··· Exercise data ···

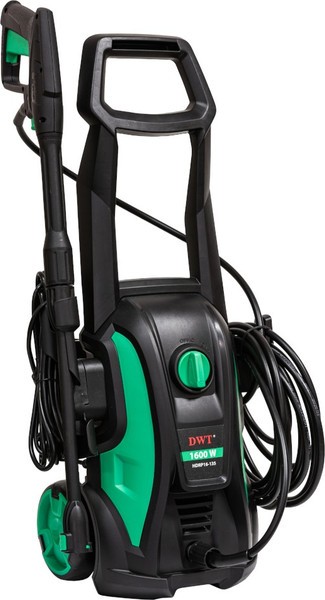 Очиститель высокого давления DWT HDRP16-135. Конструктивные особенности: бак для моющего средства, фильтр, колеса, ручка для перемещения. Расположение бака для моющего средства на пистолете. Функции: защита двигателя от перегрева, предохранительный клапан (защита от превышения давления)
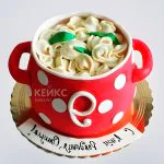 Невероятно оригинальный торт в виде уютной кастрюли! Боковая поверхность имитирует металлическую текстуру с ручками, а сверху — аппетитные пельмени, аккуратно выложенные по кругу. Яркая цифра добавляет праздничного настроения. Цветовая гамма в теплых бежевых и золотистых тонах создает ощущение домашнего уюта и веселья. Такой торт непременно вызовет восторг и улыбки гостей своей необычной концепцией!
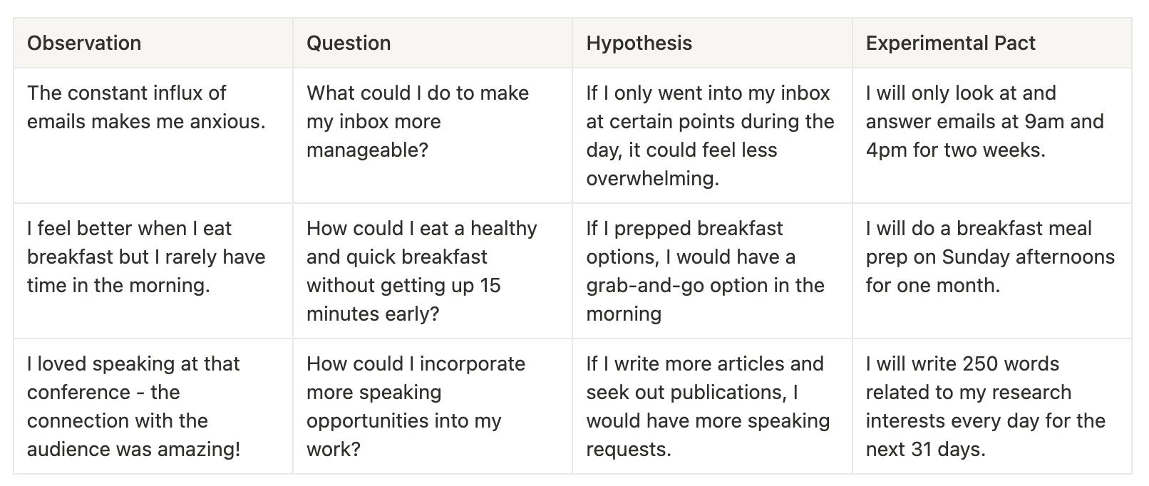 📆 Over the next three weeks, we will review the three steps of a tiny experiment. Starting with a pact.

···
··· Exercise data ···

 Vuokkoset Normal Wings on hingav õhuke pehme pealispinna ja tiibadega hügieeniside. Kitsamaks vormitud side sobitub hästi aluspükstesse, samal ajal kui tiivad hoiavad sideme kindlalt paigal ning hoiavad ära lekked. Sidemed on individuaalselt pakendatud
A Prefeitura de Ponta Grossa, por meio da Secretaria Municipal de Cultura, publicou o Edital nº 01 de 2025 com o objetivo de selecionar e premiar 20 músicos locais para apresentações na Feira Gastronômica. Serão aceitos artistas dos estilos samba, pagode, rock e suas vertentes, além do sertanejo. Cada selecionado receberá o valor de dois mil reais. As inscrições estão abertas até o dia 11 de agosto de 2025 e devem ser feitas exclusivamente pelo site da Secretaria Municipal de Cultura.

···
··· Exercise data ···

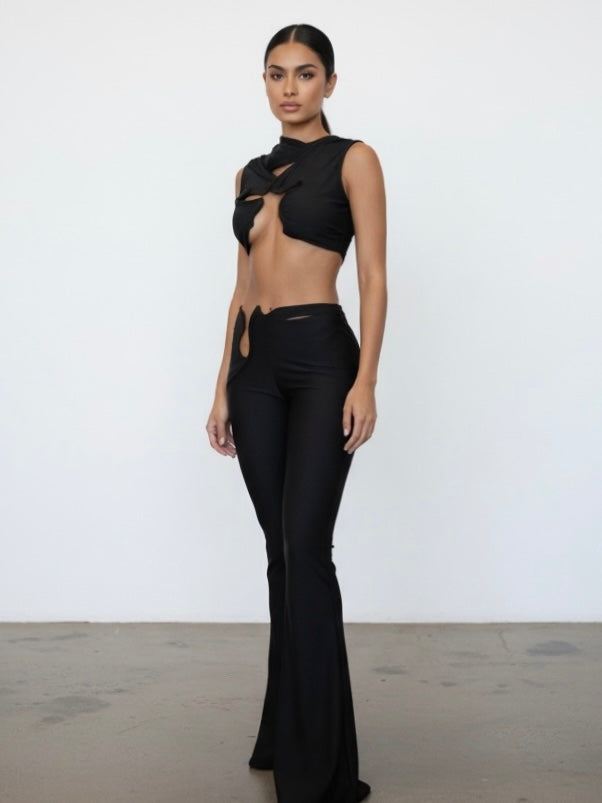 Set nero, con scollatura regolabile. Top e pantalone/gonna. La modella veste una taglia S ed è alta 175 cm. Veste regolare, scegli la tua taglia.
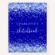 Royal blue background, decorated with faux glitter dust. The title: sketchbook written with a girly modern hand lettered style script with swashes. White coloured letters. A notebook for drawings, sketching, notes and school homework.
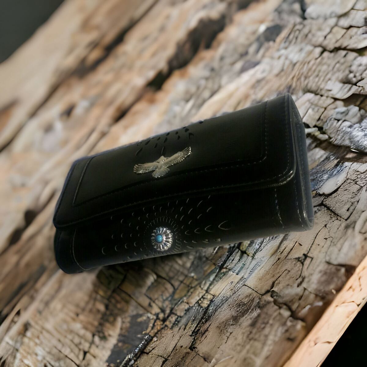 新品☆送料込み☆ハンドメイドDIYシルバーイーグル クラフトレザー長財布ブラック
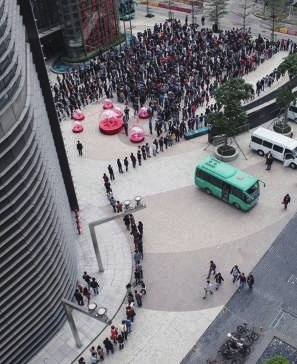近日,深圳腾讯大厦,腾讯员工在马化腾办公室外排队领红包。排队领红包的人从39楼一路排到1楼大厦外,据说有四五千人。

···

- **Work task**
Only one part of the material above is wanted: the lines from the one with "Очиститель высокого давления" up to and including the one with "with a pact.". Please copy them exactly, pictures left out.

- **Completed task**
 Очиститель высокого давления DWT HDRP16-135. Конструктивные особенности: бак для моющего средства, фильтр, колеса, ручка для перемещения. Расположение бака для моющего средства на пистолете. Функции: защита двигателя от перегрева, предохранительный клапан (защита от превышения давления)
 Невероятно оригинальный торт в виде уютной кастрюли! Боковая поверхность имитирует металлическую текстуру с ручками, а сверху — аппетитные пельмени, аккуратно выложенные по кругу. Яркая цифра добавляет праздничного настроения. Цветовая гамма в теплых бежевых и золотистых тонах создает ощущение домашнего уюта и веселья. Такой торт непременно вызовет восторг и улыбки гостей своей необычной концепцией!
 📆 Over the next three weeks, we will review the three steps of a tiny experiment. Starting with a pact.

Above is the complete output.